WORK INSTRUCTIONS →
Below are the records; give again exactly the lines from the one containing "Figure 4: PAR1" through the one containing "Een set van", leaving out pictures.

SUPPLIED RECORDS →
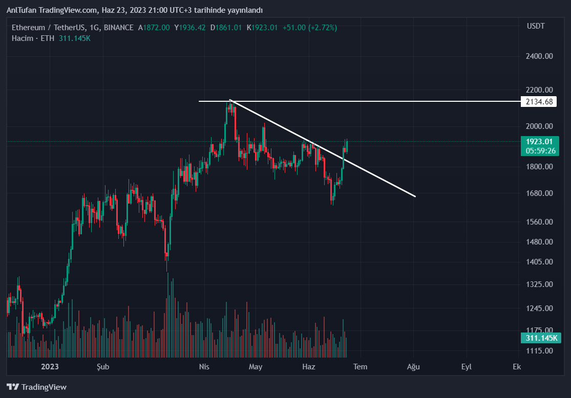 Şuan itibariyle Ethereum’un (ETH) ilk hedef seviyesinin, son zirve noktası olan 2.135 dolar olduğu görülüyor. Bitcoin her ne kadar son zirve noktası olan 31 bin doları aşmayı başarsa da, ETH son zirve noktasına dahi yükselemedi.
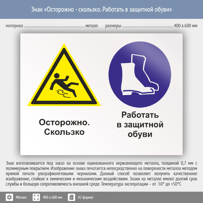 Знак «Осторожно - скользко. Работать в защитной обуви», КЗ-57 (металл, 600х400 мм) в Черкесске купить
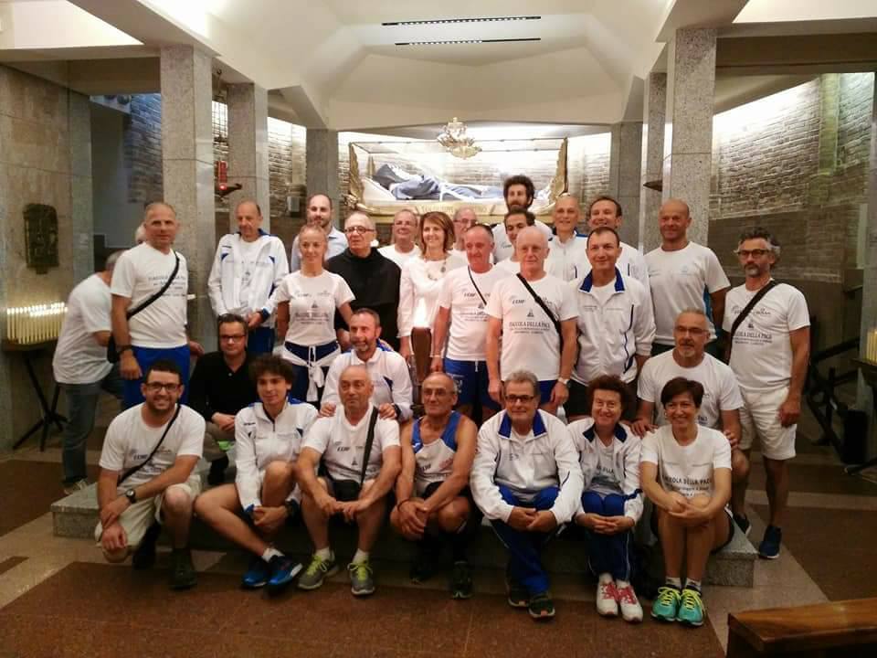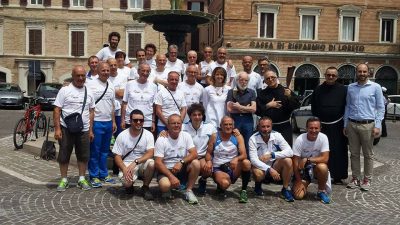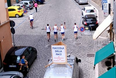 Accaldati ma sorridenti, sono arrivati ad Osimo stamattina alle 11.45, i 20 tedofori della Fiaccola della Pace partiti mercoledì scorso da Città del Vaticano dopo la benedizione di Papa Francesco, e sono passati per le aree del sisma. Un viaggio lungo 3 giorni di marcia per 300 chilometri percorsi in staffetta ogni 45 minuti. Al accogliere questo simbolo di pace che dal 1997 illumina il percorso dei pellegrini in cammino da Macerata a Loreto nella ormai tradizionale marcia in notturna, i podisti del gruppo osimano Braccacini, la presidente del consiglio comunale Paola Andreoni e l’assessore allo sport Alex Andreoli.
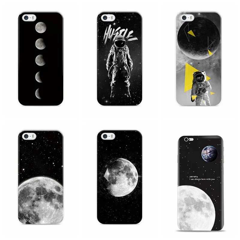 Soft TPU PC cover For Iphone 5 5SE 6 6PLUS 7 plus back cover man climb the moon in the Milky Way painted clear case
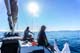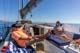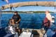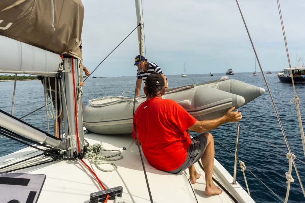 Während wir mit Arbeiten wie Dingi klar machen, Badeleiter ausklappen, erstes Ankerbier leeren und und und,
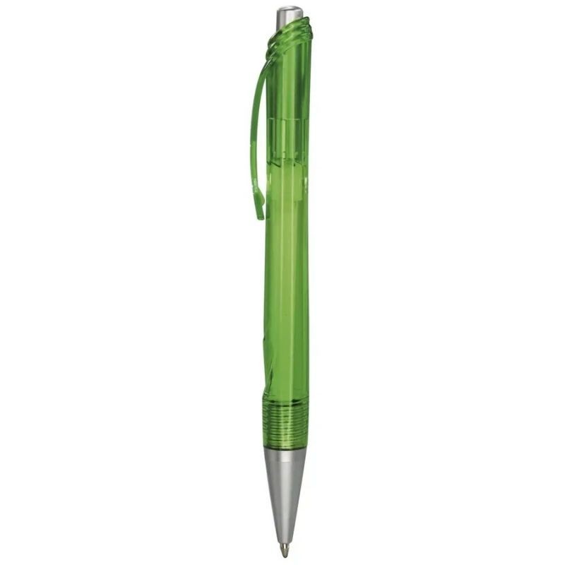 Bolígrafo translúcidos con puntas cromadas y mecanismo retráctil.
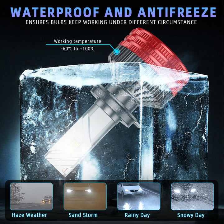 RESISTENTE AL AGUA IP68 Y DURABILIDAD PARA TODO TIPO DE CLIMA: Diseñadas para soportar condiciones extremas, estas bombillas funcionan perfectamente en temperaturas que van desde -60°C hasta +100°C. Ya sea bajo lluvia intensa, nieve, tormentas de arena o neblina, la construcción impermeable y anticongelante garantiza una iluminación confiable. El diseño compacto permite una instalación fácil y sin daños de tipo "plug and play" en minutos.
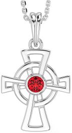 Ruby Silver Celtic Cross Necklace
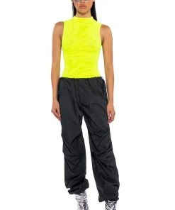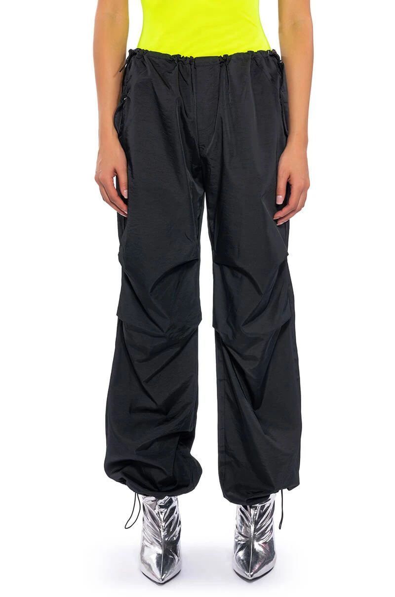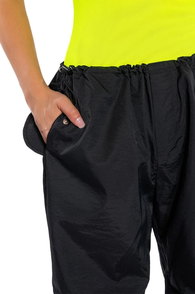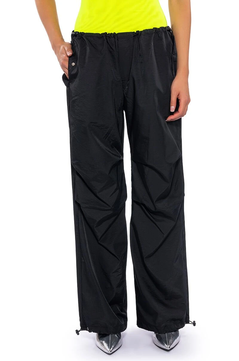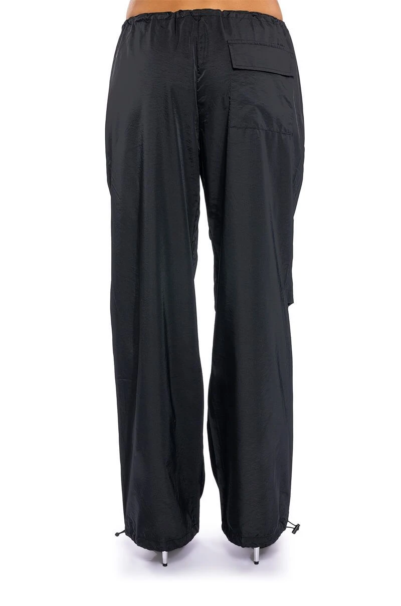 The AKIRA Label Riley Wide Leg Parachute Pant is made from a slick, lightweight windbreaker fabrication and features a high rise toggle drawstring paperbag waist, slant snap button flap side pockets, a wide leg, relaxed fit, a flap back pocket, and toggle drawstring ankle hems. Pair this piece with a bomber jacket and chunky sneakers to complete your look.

---

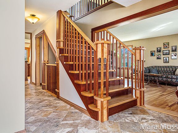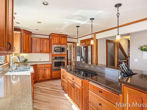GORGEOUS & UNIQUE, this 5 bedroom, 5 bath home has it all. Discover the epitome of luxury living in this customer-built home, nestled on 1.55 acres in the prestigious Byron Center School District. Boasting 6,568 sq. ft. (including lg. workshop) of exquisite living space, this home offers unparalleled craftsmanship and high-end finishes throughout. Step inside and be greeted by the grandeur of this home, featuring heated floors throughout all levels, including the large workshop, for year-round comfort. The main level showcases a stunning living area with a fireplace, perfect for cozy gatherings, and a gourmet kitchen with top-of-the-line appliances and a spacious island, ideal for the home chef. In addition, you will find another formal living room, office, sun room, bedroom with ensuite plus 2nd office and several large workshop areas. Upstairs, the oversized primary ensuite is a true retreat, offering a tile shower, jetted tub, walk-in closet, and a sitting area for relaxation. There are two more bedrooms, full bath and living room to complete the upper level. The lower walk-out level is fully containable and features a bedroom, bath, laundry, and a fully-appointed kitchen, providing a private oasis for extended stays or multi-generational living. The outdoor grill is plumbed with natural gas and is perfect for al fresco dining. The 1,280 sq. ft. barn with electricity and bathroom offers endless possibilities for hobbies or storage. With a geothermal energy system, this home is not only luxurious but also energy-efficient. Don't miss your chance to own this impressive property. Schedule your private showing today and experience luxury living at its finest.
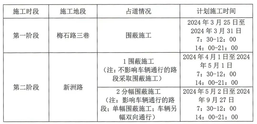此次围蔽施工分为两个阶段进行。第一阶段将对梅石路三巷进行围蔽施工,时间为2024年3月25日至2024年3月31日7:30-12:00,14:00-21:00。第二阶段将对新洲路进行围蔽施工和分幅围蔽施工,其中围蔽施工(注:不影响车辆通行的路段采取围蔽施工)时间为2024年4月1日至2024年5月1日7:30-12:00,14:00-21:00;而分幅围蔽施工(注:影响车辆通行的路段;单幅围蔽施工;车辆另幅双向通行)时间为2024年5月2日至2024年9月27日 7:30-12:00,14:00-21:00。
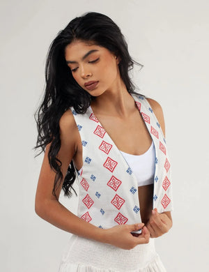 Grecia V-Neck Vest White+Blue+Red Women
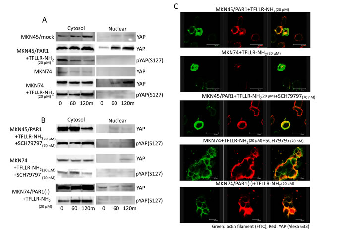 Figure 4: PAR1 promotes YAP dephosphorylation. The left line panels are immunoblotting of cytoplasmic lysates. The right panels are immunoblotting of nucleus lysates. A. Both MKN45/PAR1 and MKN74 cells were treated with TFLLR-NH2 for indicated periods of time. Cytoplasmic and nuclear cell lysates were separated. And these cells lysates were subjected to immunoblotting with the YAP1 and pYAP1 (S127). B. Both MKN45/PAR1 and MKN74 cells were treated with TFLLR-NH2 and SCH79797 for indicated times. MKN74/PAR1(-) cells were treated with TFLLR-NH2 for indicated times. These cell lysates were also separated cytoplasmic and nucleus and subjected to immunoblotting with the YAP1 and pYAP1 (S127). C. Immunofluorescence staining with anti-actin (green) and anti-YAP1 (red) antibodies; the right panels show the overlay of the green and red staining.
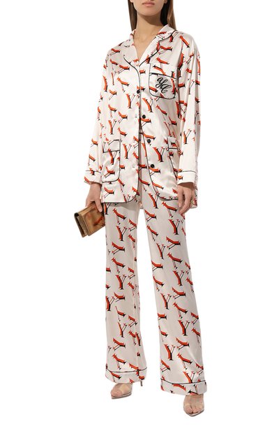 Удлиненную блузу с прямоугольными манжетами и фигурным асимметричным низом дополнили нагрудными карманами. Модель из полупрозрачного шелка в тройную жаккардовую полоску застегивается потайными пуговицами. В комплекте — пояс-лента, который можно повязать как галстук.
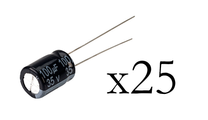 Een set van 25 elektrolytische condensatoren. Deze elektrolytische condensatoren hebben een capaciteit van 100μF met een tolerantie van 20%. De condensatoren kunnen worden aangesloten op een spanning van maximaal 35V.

---

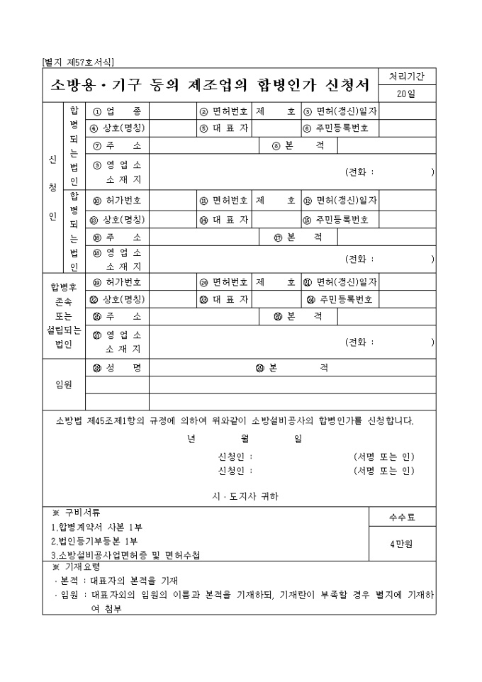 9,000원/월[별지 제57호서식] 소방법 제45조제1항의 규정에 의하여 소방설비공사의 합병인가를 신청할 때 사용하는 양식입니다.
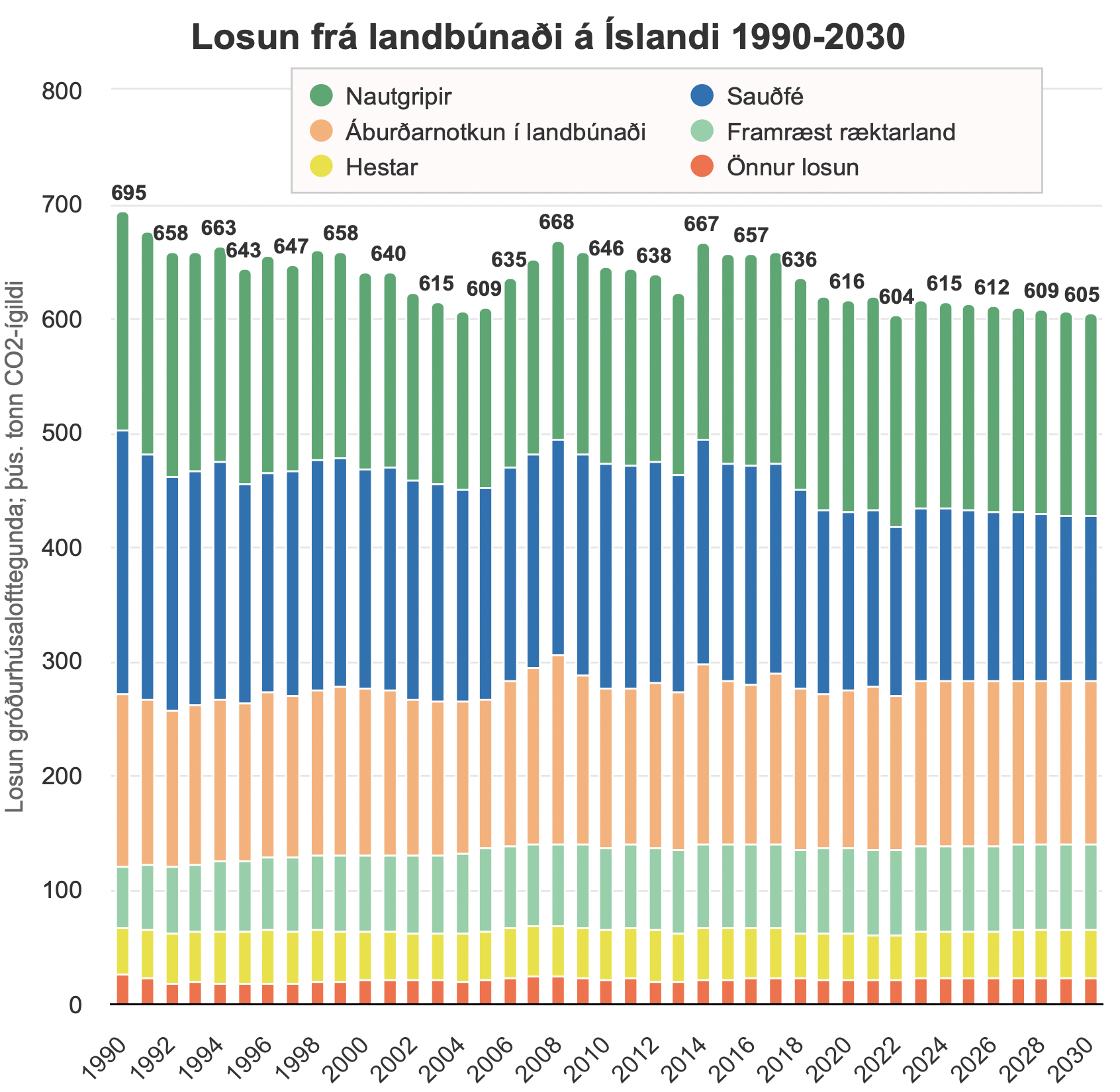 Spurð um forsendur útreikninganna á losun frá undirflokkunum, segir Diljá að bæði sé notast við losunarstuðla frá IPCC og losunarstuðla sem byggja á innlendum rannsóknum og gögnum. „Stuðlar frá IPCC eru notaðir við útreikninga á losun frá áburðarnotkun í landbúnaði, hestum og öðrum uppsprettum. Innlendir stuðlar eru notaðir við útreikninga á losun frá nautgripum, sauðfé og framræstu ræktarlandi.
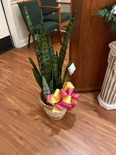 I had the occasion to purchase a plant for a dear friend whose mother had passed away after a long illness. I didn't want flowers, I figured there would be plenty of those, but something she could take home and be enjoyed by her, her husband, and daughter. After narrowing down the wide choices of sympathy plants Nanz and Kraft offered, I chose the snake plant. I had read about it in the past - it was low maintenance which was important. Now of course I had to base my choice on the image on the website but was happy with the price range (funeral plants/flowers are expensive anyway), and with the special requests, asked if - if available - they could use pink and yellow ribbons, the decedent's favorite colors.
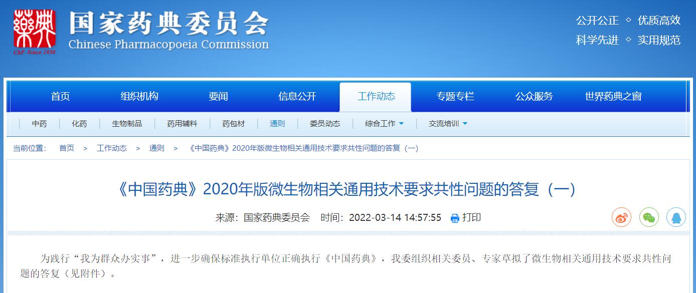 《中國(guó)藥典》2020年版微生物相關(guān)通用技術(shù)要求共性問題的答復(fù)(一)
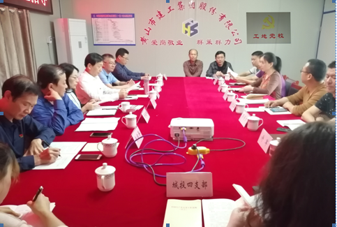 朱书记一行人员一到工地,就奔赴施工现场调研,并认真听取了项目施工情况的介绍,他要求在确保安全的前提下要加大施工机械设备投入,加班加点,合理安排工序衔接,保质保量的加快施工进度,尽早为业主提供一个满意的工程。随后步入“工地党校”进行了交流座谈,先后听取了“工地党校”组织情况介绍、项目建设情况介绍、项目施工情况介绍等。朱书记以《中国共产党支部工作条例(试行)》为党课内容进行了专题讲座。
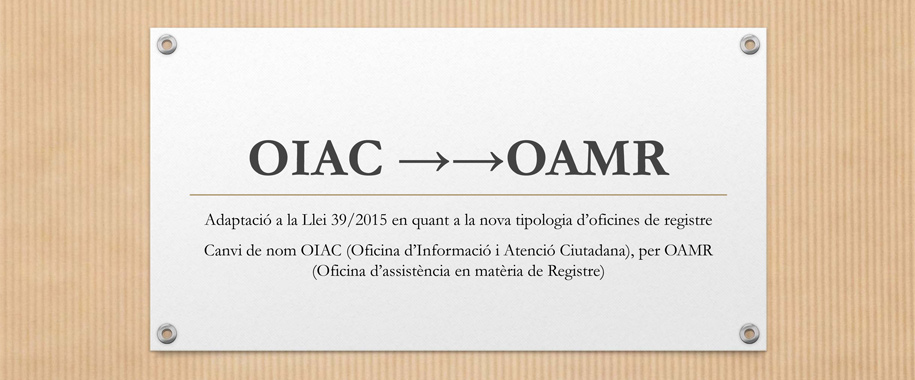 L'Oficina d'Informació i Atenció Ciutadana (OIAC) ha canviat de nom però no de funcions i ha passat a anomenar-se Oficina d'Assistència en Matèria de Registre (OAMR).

ANSWER SECTION →
 Figure 4: PAR1 promotes YAP dephosphorylation. The left line panels are immunoblotting of cytoplasmic lysates. The right panels are immunoblotting of nucleus lysates. A. Both MKN45/PAR1 and MKN74 cells were treated with TFLLR-NH2 for indicated periods of time. Cytoplasmic and nuclear cell lysates were separated. And these cells lysates were subjected to immunoblotting with the YAP1 and pYAP1 (S127). B. Both MKN45/PAR1 and MKN74 cells were treated with TFLLR-NH2 and SCH79797 for indicated times. MKN74/PAR1(-) cells were treated with TFLLR-NH2 for indicated times. These cell lysates were also separated cytoplasmic and nucleus and subjected to immunoblotting with the YAP1 and pYAP1 (S127). C. Immunofluorescence staining with anti-actin (green) and anti-YAP1 (red) antibodies; the right panels show the overlay of the green and red staining.
 Удлиненную блузу с прямоугольными манжетами и фигурным асимметричным низом дополнили нагрудными карманами. Модель из полупрозрачного шелка в тройную жаккардовую полоску застегивается потайными пуговицами. В комплекте — пояс-лента, который можно повязать как галстук.
 Een set van 25 elektrolytische condensatoren. Deze elektrolytische condensatoren hebben een capaciteit van 100μF met een tolerantie van 20%. De condensatoren kunnen worden aangesloten op een spanning van maximaal 35V.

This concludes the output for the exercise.